Chantelle, a 37-year-old disabled mom from the UK. Despite being a steadfast advocate, her past has been marred by a difficult path as she navigated the debt gauntlet after losing the ability to earn an income. As a result, in 2019, she needed to leave her job as a social worker due to her disability. This sudden change had a profound impact on her family’s economic security. Her partner had to become her full-time caregiver, a choice that irrevocably upended their financial stability. Her family’s income plummeted to around £1,600 a month.
Before her disability forced her out of work, Chantelle accrued £23,000 in debt, primarily from credit cards issued by major financial institutions, including Santander, Barclaycard, American Express, and HSBC. Desperate of finding a way out of her financial issues, she went online for assistance. From there, she was passed onto a company that introduced her to the IVA provider.
The IVA provider came up with an expensive solution – one that meant Chantelle would shell out £6,000 over a six-year period. With a DRO costing only £90, Chantelle could have cleared her debt swiftly and effectively. This lightweight alternative would have enabled her to pay off her debts in one year. Initially, the IVA made her monthly payments £90. The next week it went up to £100 because of the value of her car.
Over time, Chantelle started falling behind on her payments. Her IVA automatically extended to six years rather than five because of the value of her car. Even though she paid off £3,000 through paying in installments, most of the cash was swallowed by fees rather than chipping away at her debt. It didn’t help that her utility bills drained her income. They increased between £80 and £170 per month in the third year of the IVA.
In increasing despair, Chantelle turned to Citizens Advice for help. They walked her through the process of canceling the IVA. While the provider later agreed to accept a smaller payment of £65, even this was out of Chantelle’s budget.
Chantelle’s experience highlights a significant concern regarding the oversight of the IVA market, described as a “wild west” by StepChange’s head of policy, Peter Tutton. He also said that IVAs can actually worsen a person’s financial situation when poorly administered.
“If IVAs go wrong, they go very wrong.
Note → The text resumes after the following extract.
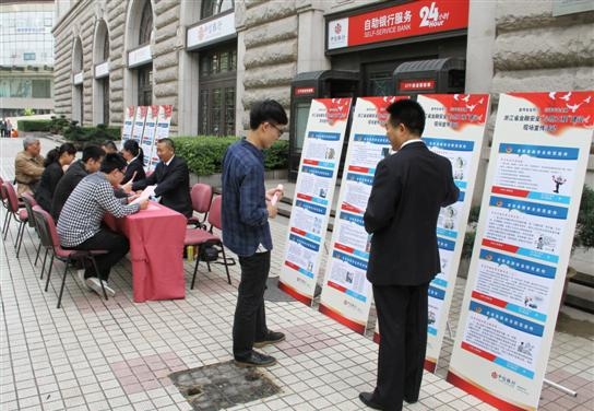 为加强安全防范知识的宣传和普及,进一步提高广大人民群众安全防范意识和能力,5月5日,浙江省公安厅、浙江银监局联合启动了金融安全“心防工程”建设工作并组织开展了宣传日专题活动。中信银行杭州分行积极响应,在“心防工程”启动当日,组织全辖机构在杭州、绍兴、嘉兴、台州、义乌、丽水、舟山、湖州等地设立了33个宣传点,以“防范电信诈骗”为主题,向社会公众现场集中宣传金融安全防范知识。
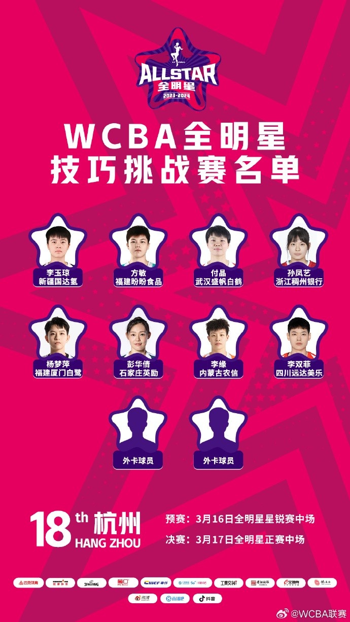 WCBA全明星技巧赛参赛名单出炉:李缘、方敏、杨梦萍、李双菲在列

You don’t get the debt relief you signed up for, and … you’ll find that if you’ve paid £2,000, very little of that will have come off your debts, and you’re back to square one or worse off.” – Peter Tutton, StepChange’s head of policy
Chantelle’s story highlights the dangers that those who desperately pursue debt relief solutions are exposed to. She did not live an extravagant lifestyle, but she was dead set on encouraging her daughter’s passions. She created the opportunities that enabled her daughter to keep swimming and dancing.
“We don’t have a very luxurious lifestyle but I do pay for my daughter to do a couple of classes – she does swimming and dance. I didn’t want to have to stop them because I feel bad that she’s held back by having a disabled parent. I didn’t want to change her routine, and that was the only area that we would have been able to cut back on. Luckily, it didn’t come to that.” – Chantelle
Chantelle’s story should shed light on the issues with debt management solutions like IVA’s must be regulated and effective. As people head to these programs in search of saving their financial lives. Yet, at the same time, the industry is being held to a higher and higher standard of scrutiny and accountability.
The IVA market has recently come under significant fire, with advocates calling for wide-sweeping reforms that focus on protecting consumers. There is broad consensus that consumers in precarious financial situations need more protection. They deserve better from the very institutions created to care for them.